Task goal: Give a verbatim copy of the data, leaving the pictures out.

***

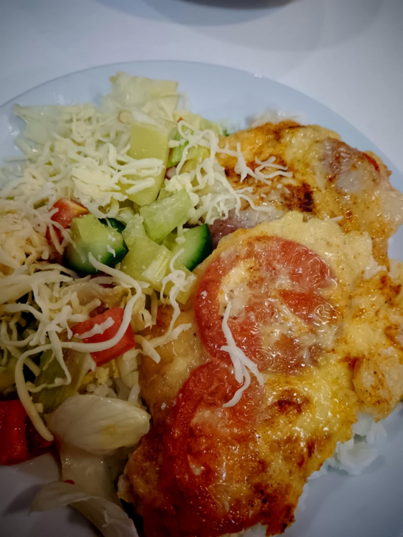 Camamberttel és paprikával sült csirkecombfilé, bulgurral, és zöldsalátával
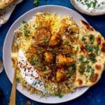 A fragrant and flavorful Chicken Biryani featuring tender marinated chicken thigh fillets cooked with aromatic spices, basmati rice, and topped with fried onions and toasted almonds. This traditional Indian dish is layered and slow-cooked to infuse rich flavors, served with natural yogurt and fresh herbs.
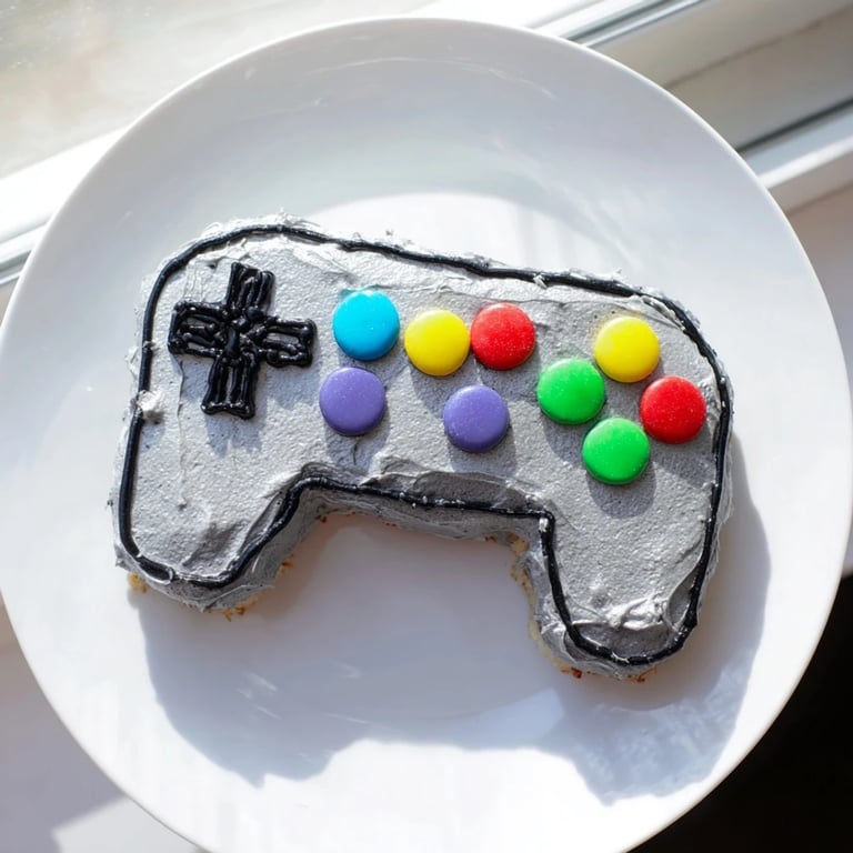 Save to Pinterest A playful, colorful cake designed to look like a classic video game controller, perfect for parties and gaming fans.
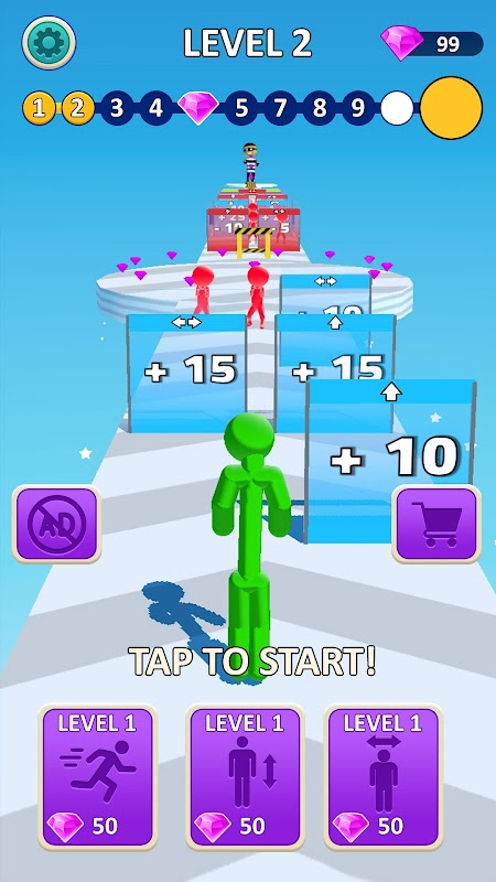 In tall man, your primary objective is to collect as many diamonds as possible while navigating through a variety of challenging obstacles and gates. Each diamond you run and collect adds to your score and contributes to your character's growth. As you accumulate diamonds, your character gradually becomes taller, making it easier to overcome obstacles and gates. The higher you grow, the more dynamic and intricate the runner hero game becomes, as new challenges and opportunities unfold.
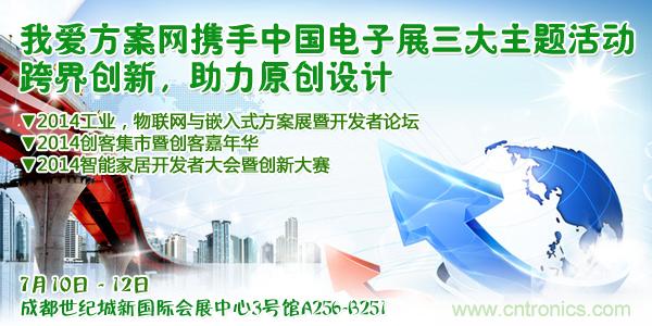 【導(dǎo)讀】我愛方案網(wǎng)和CNT Networks攜手中國電子展主辦的“2014工業(yè)、物聯(lián)網(wǎng)和嵌入式設(shè)計方案展暨中國西部電子開發(fā)者與創(chuàng)客論壇”即將于2014年7月10日-12日在成都開幕。同期同地,我愛方案網(wǎng)還將舉辦2014創(chuàng)客集市暨創(chuàng)客嘉年華活動,以及與千家網(wǎng)合辦2014智能家居開發(fā)者論壇暨創(chuàng)新大賽(成都)。
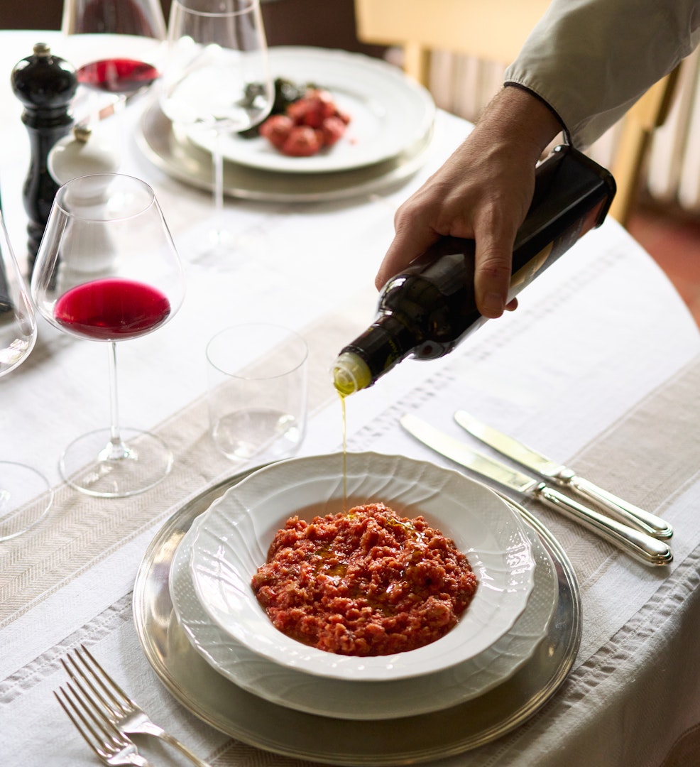 La cena a Castello di Ama è un invito riservato a chi desidera vivere la magia del borgo dopo il tramonto, quando il silenzio e la tranquillità diventano i veri protagonisti. Questa proposta è pensata per chi già conosce la nostra storia e desidera tornare per godere dell’atmosfera serale di Ama, lasciandosi cullare dai ritmi lenti della campagna chiantigiana. Senza il percorso di visita guidata, l’attenzione si sposta interamente sulla tavola e sulla purezza dei sapori.
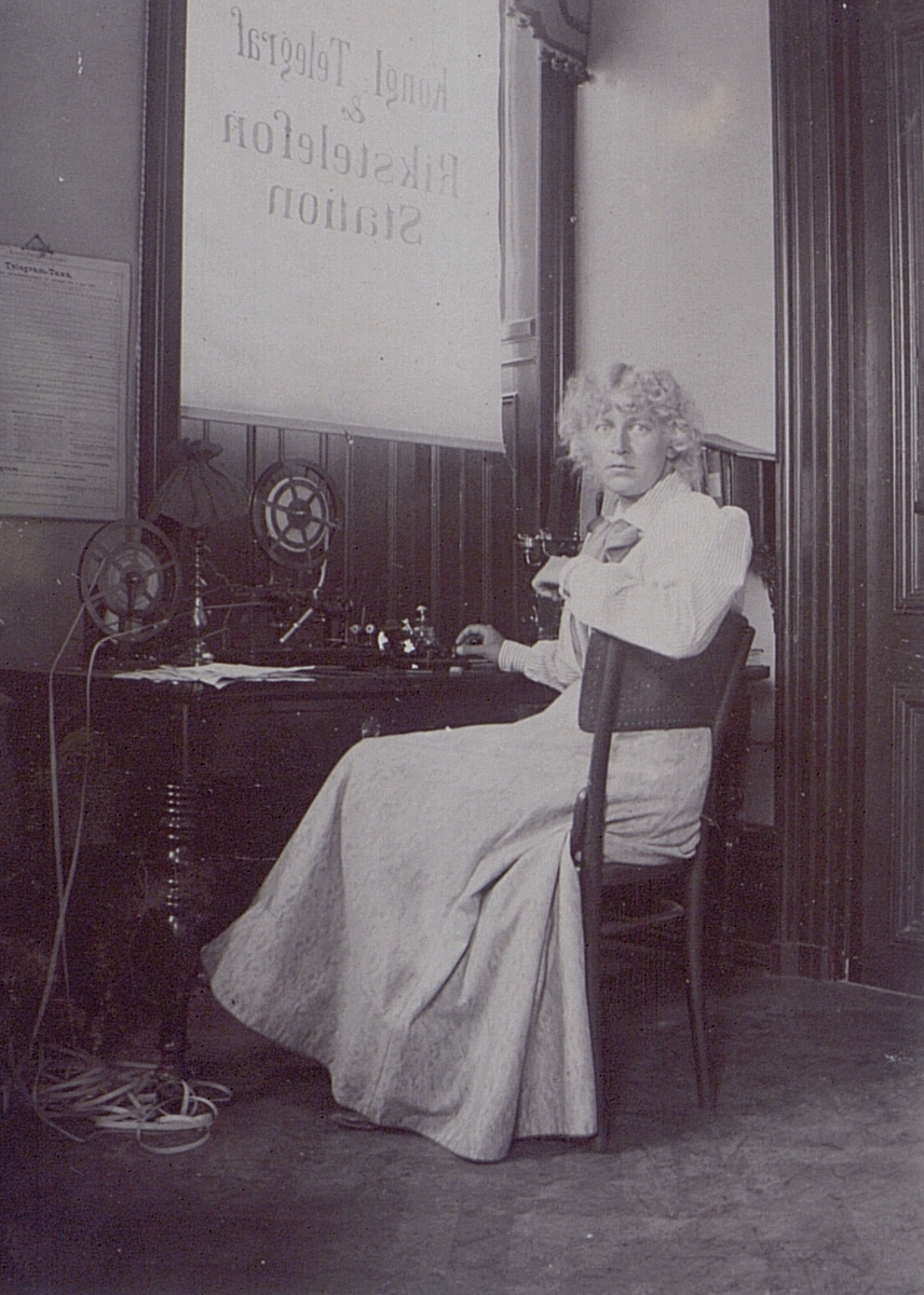 Okänd telegrafstation. Interiör av liten telegrafstation med telegrafist. Bilden tagen omkring sekelskiftet 1900.

***

Answer box:
 Camamberttel és paprikával sült csirkecombfilé, bulgurral, és zöldsalátával
 A fragrant and flavorful Chicken Biryani featuring tender marinated chicken thigh fillets cooked with aromatic spices, basmati rice, and topped with fried onions and toasted almonds. This traditional Indian dish is layered and slow-cooked to infuse rich flavors, served with natural yogurt and fresh herbs.
 Save to Pinterest A playful, colorful cake designed to look like a classic video game controller, perfect for parties and gaming fans.
 In tall man, your primary objective is to collect as many diamonds as possible while navigating through a variety of challenging obstacles and gates. Each diamond you run and collect adds to your score and contributes to your character's growth. As you accumulate diamonds, your character gradually becomes taller, making it easier to overcome obstacles and gates. The higher you grow, the more dynamic and intricate the runner hero game becomes, as new challenges and opportunities unfold.
 【導(dǎo)讀】我愛方案網(wǎng)和CNT Networks攜手中國電子展主辦的“2014工業(yè)、物聯(lián)網(wǎng)和嵌入式設(shè)計方案展暨中國西部電子開發(fā)者與創(chuàng)客論壇”即將于2014年7月10日-12日在成都開幕。同期同地,我愛方案網(wǎng)還將舉辦2014創(chuàng)客集市暨創(chuàng)客嘉年華活動,以及與千家網(wǎng)合辦2014智能家居開發(fā)者論壇暨創(chuàng)新大賽(成都)。
 La cena a Castello di Ama è un invito riservato a chi desidera vivere la magia del borgo dopo il tramonto, quando il silenzio e la tranquillità diventano i veri protagonisti. Questa proposta è pensata per chi già conosce la nostra storia e desidera tornare per godere dell’atmosfera serale di Ama, lasciandosi cullare dai ritmi lenti della campagna chiantigiana. Senza il percorso di visita guidata, l’attenzione si sposta interamente sulla tavola e sulla purezza dei sapori.
 Okänd telegrafstation. Interiör av liten telegrafstation med telegrafist. Bilden tagen omkring sekelskiftet 1900.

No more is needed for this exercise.